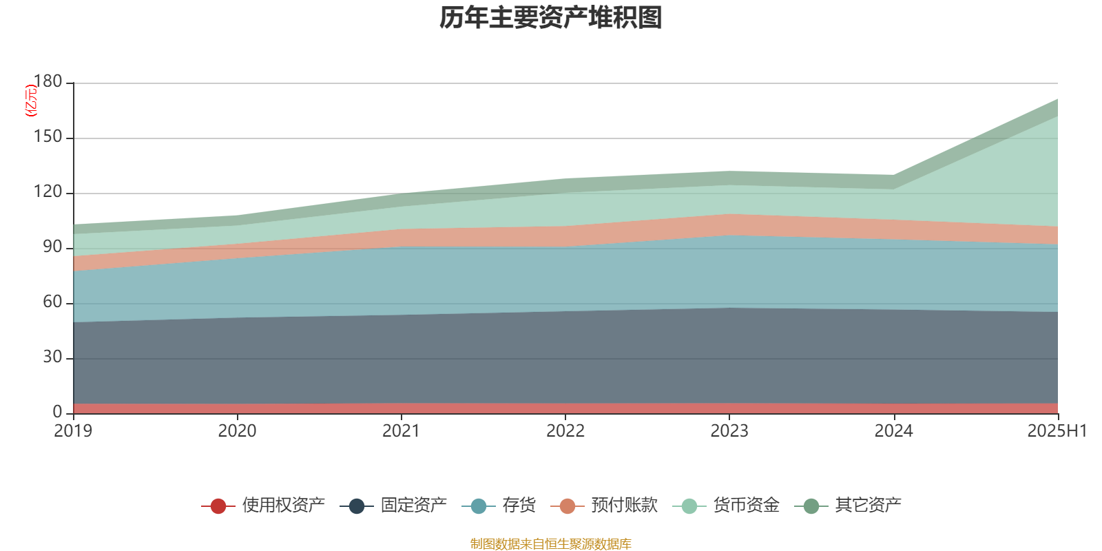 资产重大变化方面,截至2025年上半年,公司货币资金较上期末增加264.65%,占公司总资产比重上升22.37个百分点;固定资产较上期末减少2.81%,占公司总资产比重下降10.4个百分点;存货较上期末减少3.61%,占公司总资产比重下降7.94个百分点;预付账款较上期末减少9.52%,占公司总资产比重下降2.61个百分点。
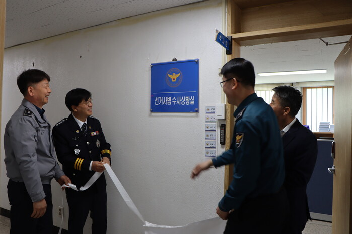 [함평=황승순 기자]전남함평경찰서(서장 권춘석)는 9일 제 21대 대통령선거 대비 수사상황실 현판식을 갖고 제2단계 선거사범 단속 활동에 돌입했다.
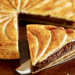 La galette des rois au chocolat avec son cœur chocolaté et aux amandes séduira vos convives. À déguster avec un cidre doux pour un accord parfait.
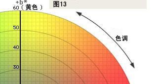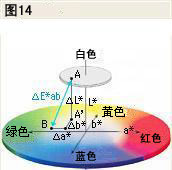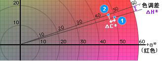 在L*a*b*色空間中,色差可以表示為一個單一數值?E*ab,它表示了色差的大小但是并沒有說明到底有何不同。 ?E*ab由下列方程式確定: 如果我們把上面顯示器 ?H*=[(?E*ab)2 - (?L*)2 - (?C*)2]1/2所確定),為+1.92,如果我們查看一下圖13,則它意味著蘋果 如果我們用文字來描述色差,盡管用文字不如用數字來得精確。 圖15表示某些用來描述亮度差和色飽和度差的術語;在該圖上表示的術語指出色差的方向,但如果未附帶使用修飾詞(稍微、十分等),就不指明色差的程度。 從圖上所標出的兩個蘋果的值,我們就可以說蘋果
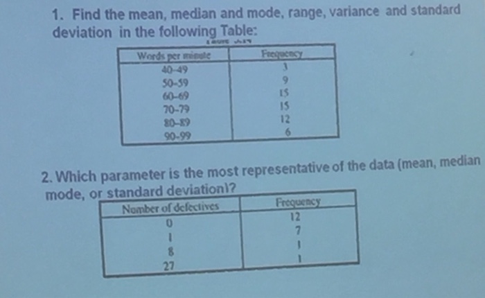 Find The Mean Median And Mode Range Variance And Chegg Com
---
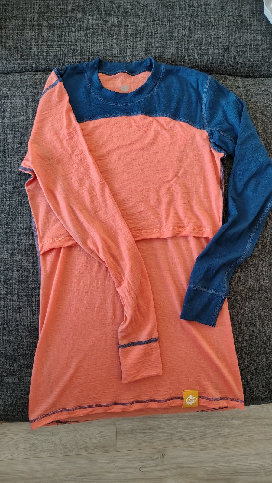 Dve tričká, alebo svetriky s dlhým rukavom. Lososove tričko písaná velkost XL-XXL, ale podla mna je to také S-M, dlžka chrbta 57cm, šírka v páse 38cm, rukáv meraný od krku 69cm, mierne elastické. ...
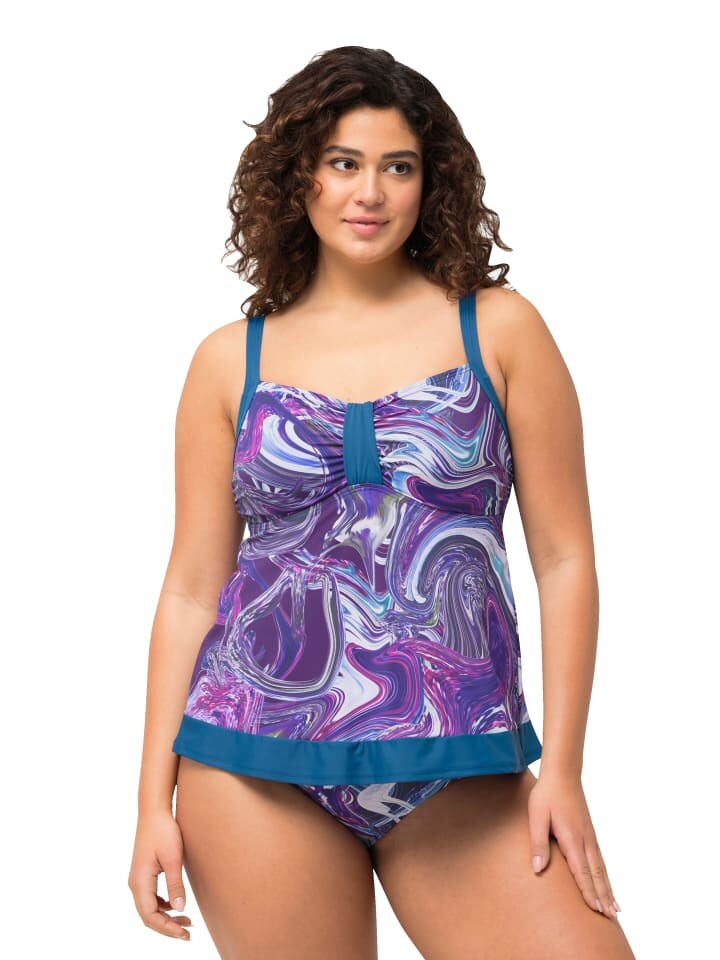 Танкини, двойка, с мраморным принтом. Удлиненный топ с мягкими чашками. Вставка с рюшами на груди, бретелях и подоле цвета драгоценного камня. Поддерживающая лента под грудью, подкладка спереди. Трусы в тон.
---
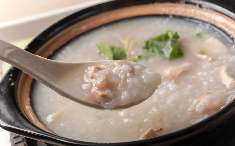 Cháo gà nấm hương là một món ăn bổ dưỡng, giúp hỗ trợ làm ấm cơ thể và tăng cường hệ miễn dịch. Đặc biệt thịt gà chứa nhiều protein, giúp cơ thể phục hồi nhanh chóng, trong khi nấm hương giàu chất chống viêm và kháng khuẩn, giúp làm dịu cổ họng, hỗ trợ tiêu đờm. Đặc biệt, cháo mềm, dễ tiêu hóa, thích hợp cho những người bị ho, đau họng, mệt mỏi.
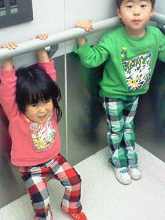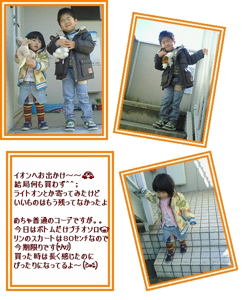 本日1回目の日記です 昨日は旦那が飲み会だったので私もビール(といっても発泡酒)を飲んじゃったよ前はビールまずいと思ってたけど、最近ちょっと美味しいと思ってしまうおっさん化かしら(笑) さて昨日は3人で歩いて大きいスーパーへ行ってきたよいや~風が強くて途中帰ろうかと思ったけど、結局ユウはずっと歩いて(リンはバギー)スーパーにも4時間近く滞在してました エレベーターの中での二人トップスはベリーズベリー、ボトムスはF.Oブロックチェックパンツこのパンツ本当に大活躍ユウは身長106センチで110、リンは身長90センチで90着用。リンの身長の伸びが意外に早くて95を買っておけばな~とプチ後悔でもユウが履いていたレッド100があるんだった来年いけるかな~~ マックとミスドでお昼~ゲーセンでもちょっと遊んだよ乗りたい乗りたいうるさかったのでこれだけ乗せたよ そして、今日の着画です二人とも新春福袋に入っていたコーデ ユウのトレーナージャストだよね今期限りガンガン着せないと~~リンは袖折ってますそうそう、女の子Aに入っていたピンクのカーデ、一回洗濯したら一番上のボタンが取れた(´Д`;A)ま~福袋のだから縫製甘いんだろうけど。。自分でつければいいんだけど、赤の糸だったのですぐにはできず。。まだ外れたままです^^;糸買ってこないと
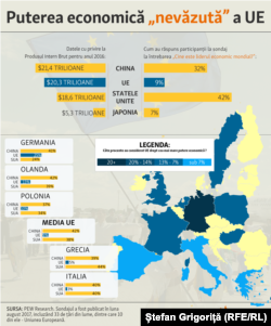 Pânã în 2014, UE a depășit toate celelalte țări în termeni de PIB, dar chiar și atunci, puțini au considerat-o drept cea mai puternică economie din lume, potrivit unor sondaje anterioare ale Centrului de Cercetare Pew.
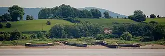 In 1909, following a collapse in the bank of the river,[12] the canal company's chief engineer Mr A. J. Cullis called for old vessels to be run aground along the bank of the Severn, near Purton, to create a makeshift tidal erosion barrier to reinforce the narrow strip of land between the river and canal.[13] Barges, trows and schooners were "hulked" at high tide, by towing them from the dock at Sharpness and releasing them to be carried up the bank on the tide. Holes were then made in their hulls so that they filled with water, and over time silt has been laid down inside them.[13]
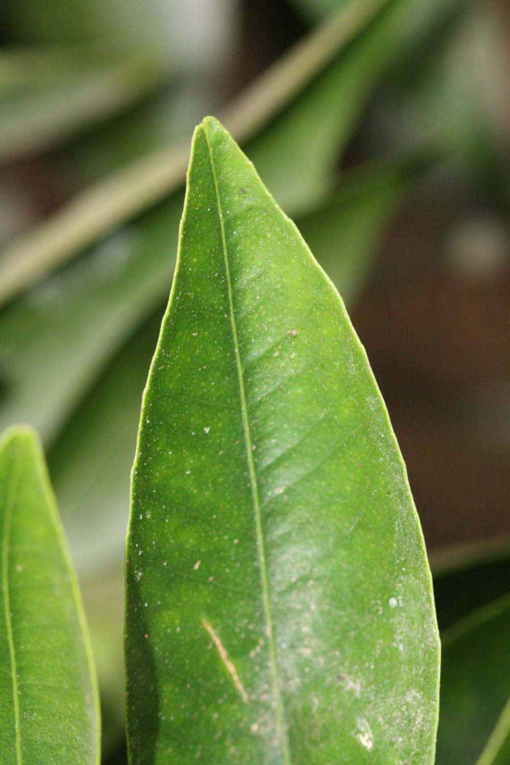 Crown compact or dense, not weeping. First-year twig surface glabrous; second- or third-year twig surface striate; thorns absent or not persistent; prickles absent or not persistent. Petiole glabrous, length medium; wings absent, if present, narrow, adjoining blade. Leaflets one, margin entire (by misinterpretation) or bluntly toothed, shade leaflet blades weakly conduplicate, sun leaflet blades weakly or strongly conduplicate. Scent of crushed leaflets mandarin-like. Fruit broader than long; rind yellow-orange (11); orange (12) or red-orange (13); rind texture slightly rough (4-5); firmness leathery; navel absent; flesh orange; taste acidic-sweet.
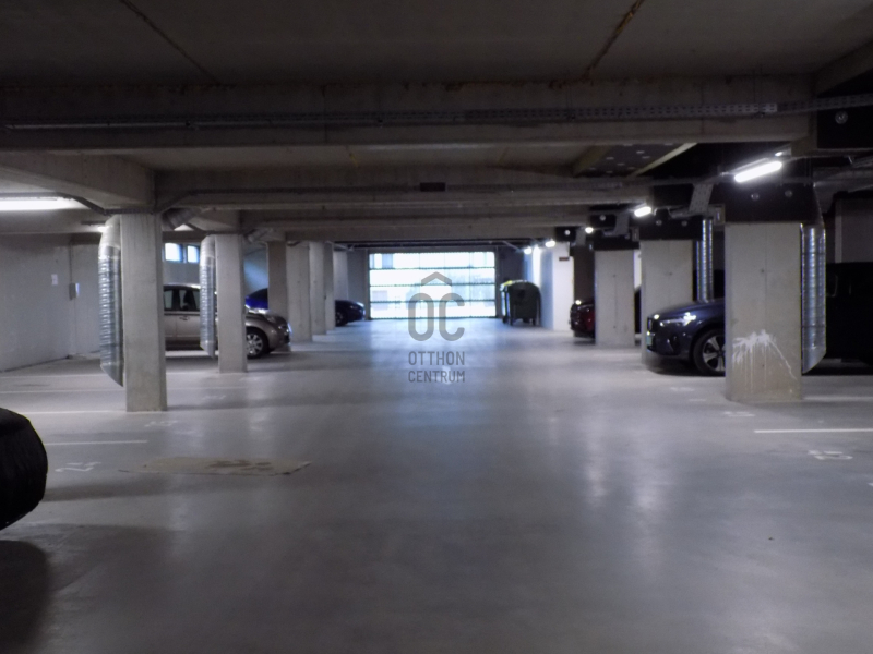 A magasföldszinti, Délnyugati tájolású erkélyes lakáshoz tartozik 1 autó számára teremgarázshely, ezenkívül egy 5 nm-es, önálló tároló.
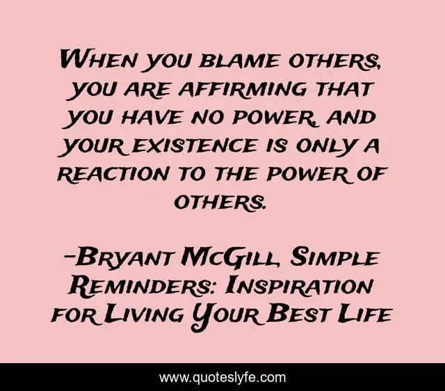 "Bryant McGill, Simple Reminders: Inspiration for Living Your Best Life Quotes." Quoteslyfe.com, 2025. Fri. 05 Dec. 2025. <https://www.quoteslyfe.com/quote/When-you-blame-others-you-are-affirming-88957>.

## ABOUT THIS TASK:
Look above for the line with "资产重大变化方面,截至202", then print it and each line after it down to and including the line with "Find The Mean". Leave out the pictures and keep the wording exact.

## TASK SOLUTION:
 资产重大变化方面,截至2025年上半年,公司货币资金较上期末增加264.65%,占公司总资产比重上升22.37个百分点;固定资产较上期末减少2.81%,占公司总资产比重下降10.4个百分点;存货较上期末减少3.61%,占公司总资产比重下降7.94个百分点;预付账款较上期末减少9.52%,占公司总资产比重下降2.61个百分点。
 [함평=황승순 기자]전남함평경찰서(서장 권춘석)는 9일 제 21대 대통령선거 대비 수사상황실 현판식을 갖고 제2단계 선거사범 단속 활동에 돌입했다.
 La galette des rois au chocolat avec son cœur chocolaté et aux amandes séduira vos convives. À déguster avec un cidre doux pour un accord parfait.
 在L*a*b*色空間中,色差可以表示為一個單一數值?E*ab,它表示了色差的大小但是并沒有說明到底有何不同。 ?E*ab由下列方程式確定: 如果我們把上面顯示器 ?H*=[(?E*ab)2 - (?L*)2 - (?C*)2]1/2所確定),為+1.92,如果我們查看一下圖13,則它意味著蘋果 如果我們用文字來描述色差,盡管用文字不如用數字來得精確。 圖15表示某些用來描述亮度差和色飽和度差的術語;在該圖上表示的術語指出色差的方向,但如果未附帶使用修飾詞(稍微、十分等),就不指明色差的程度。 從圖上所標出的兩個蘋果的值,我們就可以說蘋果
 Find The Mean Median And Mode Range Variance And Chegg Com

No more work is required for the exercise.